### [INPUT MATERIAL]
=======
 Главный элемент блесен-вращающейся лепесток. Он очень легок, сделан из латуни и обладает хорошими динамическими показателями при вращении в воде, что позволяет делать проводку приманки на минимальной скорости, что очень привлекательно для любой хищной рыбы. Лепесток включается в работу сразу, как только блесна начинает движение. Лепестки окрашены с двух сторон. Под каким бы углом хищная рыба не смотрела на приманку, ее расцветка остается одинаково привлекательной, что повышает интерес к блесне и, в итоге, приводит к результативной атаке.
=======
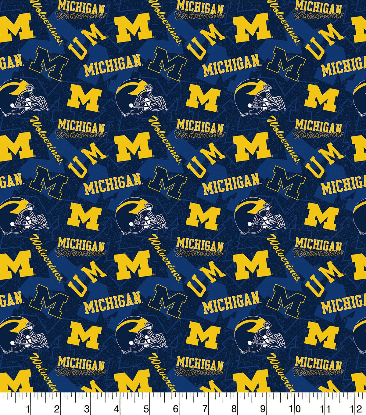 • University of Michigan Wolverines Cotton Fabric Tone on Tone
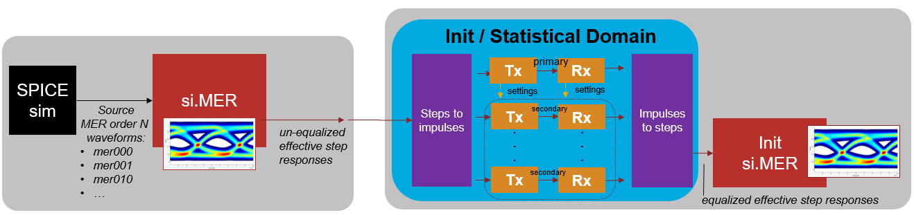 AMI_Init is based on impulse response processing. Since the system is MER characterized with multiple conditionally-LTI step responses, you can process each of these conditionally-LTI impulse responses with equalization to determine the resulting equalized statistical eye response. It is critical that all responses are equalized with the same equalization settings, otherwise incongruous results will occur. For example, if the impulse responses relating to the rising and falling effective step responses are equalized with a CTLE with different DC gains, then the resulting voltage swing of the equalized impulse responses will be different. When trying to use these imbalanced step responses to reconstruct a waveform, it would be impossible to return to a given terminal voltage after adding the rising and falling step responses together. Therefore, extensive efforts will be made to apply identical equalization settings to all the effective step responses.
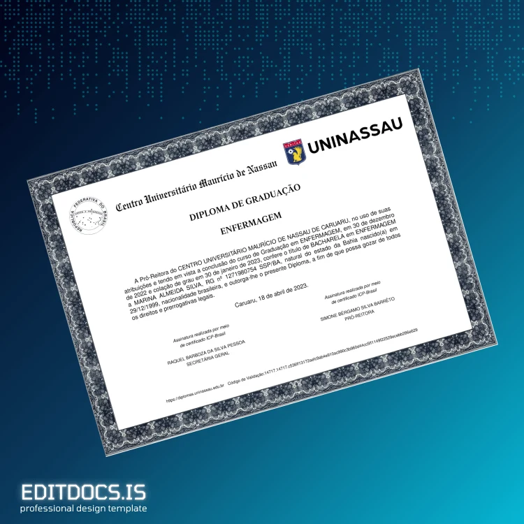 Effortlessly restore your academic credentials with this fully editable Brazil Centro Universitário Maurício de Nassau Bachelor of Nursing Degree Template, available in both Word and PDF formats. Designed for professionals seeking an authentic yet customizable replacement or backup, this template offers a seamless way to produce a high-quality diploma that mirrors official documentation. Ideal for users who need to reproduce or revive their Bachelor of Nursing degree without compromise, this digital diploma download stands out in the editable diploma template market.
=======
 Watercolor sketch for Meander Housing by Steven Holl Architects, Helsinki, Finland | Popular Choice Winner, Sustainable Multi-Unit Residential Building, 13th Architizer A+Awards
=======
Please output, exactly as written, the lines above from the one holding "Tone on Tone" through the one holding "AMI_Init is based", both included, with the pictures omitted.

### [TASK ANSWER]
 • University of Michigan Wolverines Cotton Fabric Tone on Tone
 AMI_Init is based on impulse response processing. Since the system is MER characterized with multiple conditionally-LTI step responses, you can process each of these conditionally-LTI impulse responses with equalization to determine the resulting equalized statistical eye response. It is critical that all responses are equalized with the same equalization settings, otherwise incongruous results will occur. For example, if the impulse responses relating to the rising and falling effective step responses are equalized with a CTLE with different DC gains, then the resulting voltage swing of the equalized impulse responses will be different. When trying to use these imbalanced step responses to reconstruct a waveform, it would be impossible to return to a given terminal voltage after adding the rising and falling step responses together. Therefore, extensive efforts will be made to apply identical equalization settings to all the effective step responses.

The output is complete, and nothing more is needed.